US economic report supports oil
Brent crude oil price has gained after the US Department of Commerce released its GDP estimate for the second quarter of this year.
IMAGE: Getty Images
The US' gross domestic product (GDP), a key indicator of demand growth and consumer spending activity, increased at an annualised rate of 3% in the April–June period, according to the US Commerce Department’s Bureau of Economic Analysis (BEA).
The oil market has reacted positively to the news as the quarterly US GDP gained after noting a 0.5% contraction in the first quarter of this year.
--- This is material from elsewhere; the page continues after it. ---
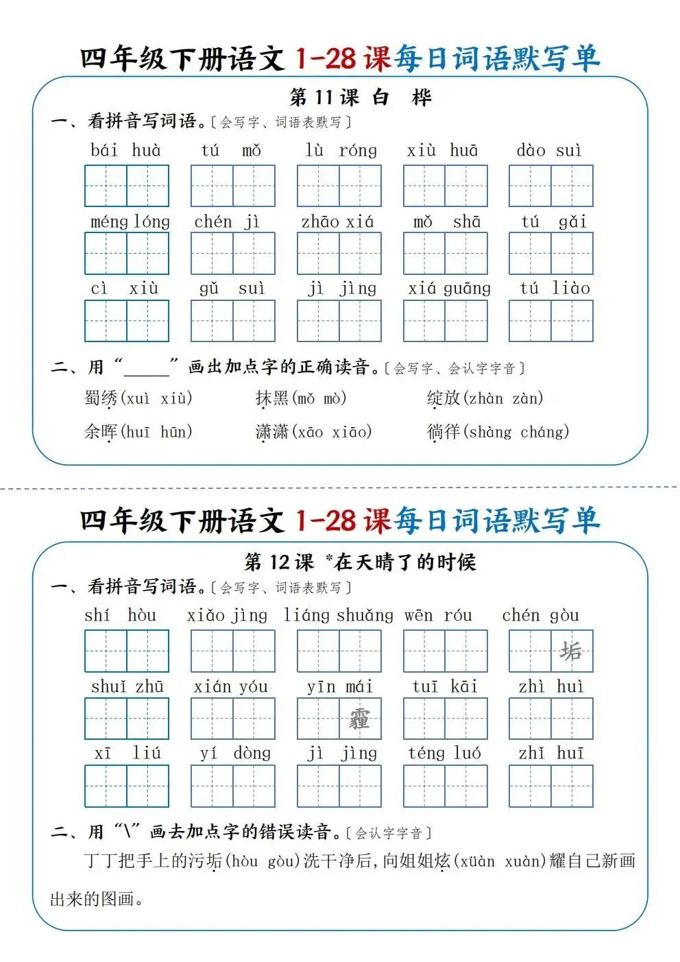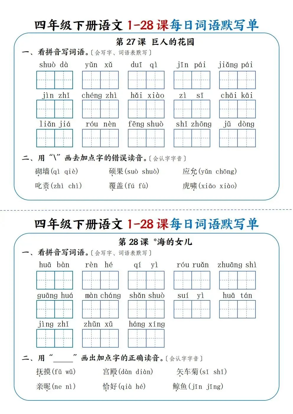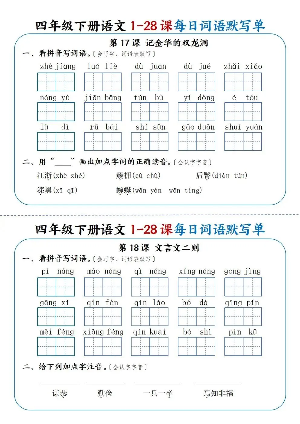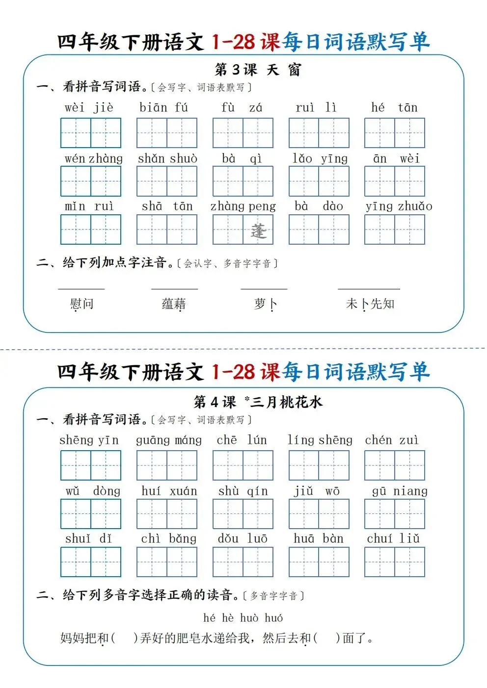 四年级下册语文1-28课每日词语默写单(电子版可打印)
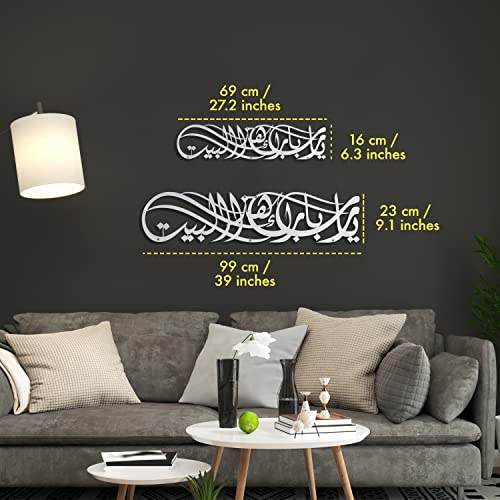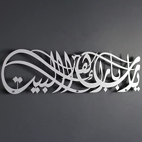 iwa concept - لوحة فنية جدارية إسلامية معدنية بتصميم عبارة (يا رب بارك هذا البيت) دعاء البركة، لوحة فنية للقرآن الكريم وديكور حائط بنمط الخط العربي لعيد رمضان، دعاء للحماية من ايوا كونسيبت مقاس 69×16 سم فضي

“The increase in real GDP in the second quarter primarily reflected a decrease in imports… and an increase in consumer spending,” the BEA said.
The GDP data for the second quarter exceeded market expectations of a 2.4% annualised rate, remarked SPI Asset Management managing partner Stephen Innes.
The data has boosted market expectations of economic progress in the US, which could in turn support demand growth for commodities like crude oil.
“[Oil] prices were also supported by data that showed resilience in the US economy,” ANZ Bank’s senior commodity strategist Daniel Hynes wrote.
US Fed unmoved
Meanwhile, the GDP report was followed by US Federal Reserve (Fed) keeping interest rates unchanged at a range between 4.25-4.50%.
Higher interest rates in the US can dampen global oil demand as it makes dollar-denominated commodities like oil costlier for holders of other currencies.
“The Fed sees no urgency to pivot,” said Innes. “Rate cut bets for September were slashed, December is now the next viable window,” he added.
In December last year, the Fed had cut its interest rate by 25 basis points. The cut was supported by the US central bank’s latest inflation reading, which is gradually approaching its 2% target, it said.